As will be described in more detail below, the titanium dioxide which is subjected to reduction according to the present invention can be in powdery form or in the form of a solid mass comprising compressed titanium dioxide particles or powder intermixed with the intercalated graphite. In the first instance, it is preferred that the average particle size of the TiO2 powder be about 10 to about 50 microns. In the case of using particles of TiO2 to form an article which is then subjected to the reducing reaction, it is preferred that the average particle size of the TiO2 powder be about 1 to about 20 microns. In general, it is preferred that the average particle sizes of the titanium dioxide and the intercalated graphite be in the same or similar range.
With respect to the other essential reactant for use in the practice of the present invention, there can be used any intercalated graphite that is effective in reducing TiO2 to a suboxide form and that is capable of introducing chemically into the suboxide molecule intercalant in an amount sufficient to improve the electrical conductance of the suboxide or impart thereto electrically conductive properties. As mentioned briefly above, intercalated graphite is a known synthetic material which is made by chemically affixing into the graphite structure a material which improves the electrically conductive properties of the graphite. By way of background, it is noted that graphite comprises planes or layers of bound carbon atoms. It is reported in the literature that intercalation of graphite involves the insertion into the region between such planes or layers of a material that is bound chemically thereto and that modifies the properties of the graphite, including its conductive properties by reducing the electrical resistivity of the graphite. The intercalant can function also to increase the thermal conductivity of the graphite, to improve the workability of the graphite, and to render the graphite more resistant to oxidation.

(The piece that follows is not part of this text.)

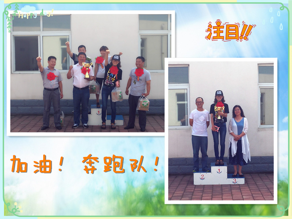 在人力资源部朱卫星经理的主持下,每个团队列队喊出自己的口号,展现各自团队气势,并在最后,由李总带领大家喊出“我最强、我最棒、加财加财加财!”的口号来激励、鼓舞大家,全场气氛热烈。随后朱经理通报7月份任务完成情况,其中奔跑队以104.2%完成收入任务、100.4%完成回款任务,按照《2015年度公司任务达成劳动竞赛》相关要求,获得团队第一!李总给获奖团队颁发奖杯、团队成员带红花且奖励每人酸奶机一台,获奖团队照全家福登龙虎榜在公司文化墙上予以表彰!
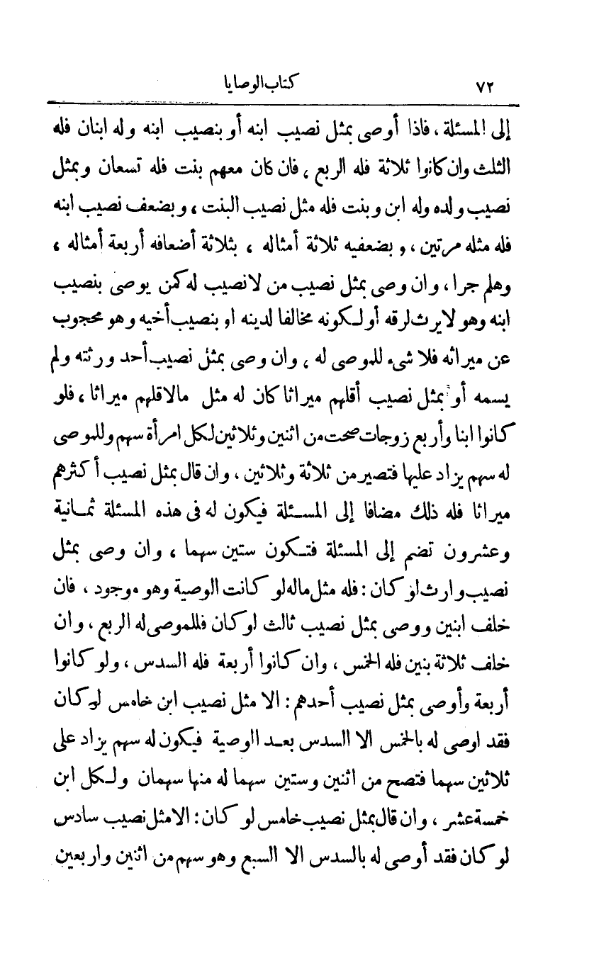 إلى المسألة فإذا أوصى بمثل نصيب ابنه أو بنصيب ابنه وله ابنان فله الثلث وأن كانوا ثلاثة فله الربع فأن كان معهم بنت فله تسعان وبمثل نصيب ولده وله ابن وبنت فله مثل نصيب البنت وبضعف نصيب ابنه فله مثله مرتين وبضعفيه ثلاثة أمثاله بثلاثة أضعافه أربعة أمثاله وهلم جرا وأن وصى بمثل نصيب من لا نصيب له كمن يوصى بنصيب ابنه وهو لا يرث لرقه أو لكونه مخالفا لدينه أو بنصيب أخيه وهو محجوب عن ميراثه فلا شيء للموصى له وأن وصى بمثل نصيب أحد ورثته ولم يسمه أو بمثل نصيب أقلهم ميراثا كان له مثل ما لأقلهم ميراثا فلو كانوا ابنا وأربع زوجات صحت من اثنين وثلاثين لكل امرأة سهم وللموصى له سهم يزاد عليها فتصير من ثلاثة وثلاثين وأن قال بمثل نصيب أكثرهم ميراثا فله ذلك مضافا إلى المسألة فيكون له في هذه المسألة ثمانية وعشرون تضم إلى المسألة فتكون ستين سهما وأن وصى بمثل نصيب وارث أو كان: فله مثل ماله لو كانت الوصية وهو موجود فأن خلف ابنين ووصى بمثل نصيب ثالث لو كان فللموصى له الربع وأن خلف ثلاثة بنين فله الخمس وأن كانوا أربعة فله السدس ولو كانوا أربعة وأوصى بمثل نصيب أحدهم: إلا مثل نصيب ابن خامس لو كان فقد أوصى له بالخمس إلا السدس بعد الوصية فيكون له سهم يزاد على ثلاثين سهما فتصح من اثنين وستين سهما له منها سهمان ولكل ابن خمسة عشر وأن قال بمثل نصيب خامس لو كان: إلا مثل نصيب سادس لو كان فقد أوصى له بالسدس إلا السبع وهو سهم من اثنين وأربعين

The art discloses many types of intercalating agents that can be reacted with graphite to introduce an intercalant into its interstitial structure. Exemplary classes of such intercalating agents are: halide salts, for example, halides of transition elements, Group III A elements and Group IV A, V A and VI A elements and metaloids; a metal halide and a Bronsted acid, that is, any compound capable of donating a proton and making an acidic solution in water for example, hydrogen halides; and a strong oxidizing agent, for example, certain mineral acids.
Specific examples of intercalating agents include: CrO2 Cl2, CrCl3, CrO3, CrO2 F2, SbF5, SbCl5, Br2, VF5, FeCl3, FeCl5, CuCl2, PtCl4, PtF4, NiCl2, AuCl3, RuCl3, BiF5, SO3, ICl, IrCl3, InC13, TaCl5, TaF5, SmCl3, ZrF4, ZrCl4, UCl4, YCl3, NbF5, BF3, SiF4, HfF4, TiF4, AsF5, HCl, HF, HBr, H2 SO4, HNO3, HNO2, HClO4, HClO3, HIO4, HIO3, HBrO4, and HBrO3. It is known to introduce two or more intercalants into the graphite structure by treating graphite with a mixture of two or more intercalating agents. Such intercalated graphite which comprises two or more intercalants can be used in the practice of the present invention.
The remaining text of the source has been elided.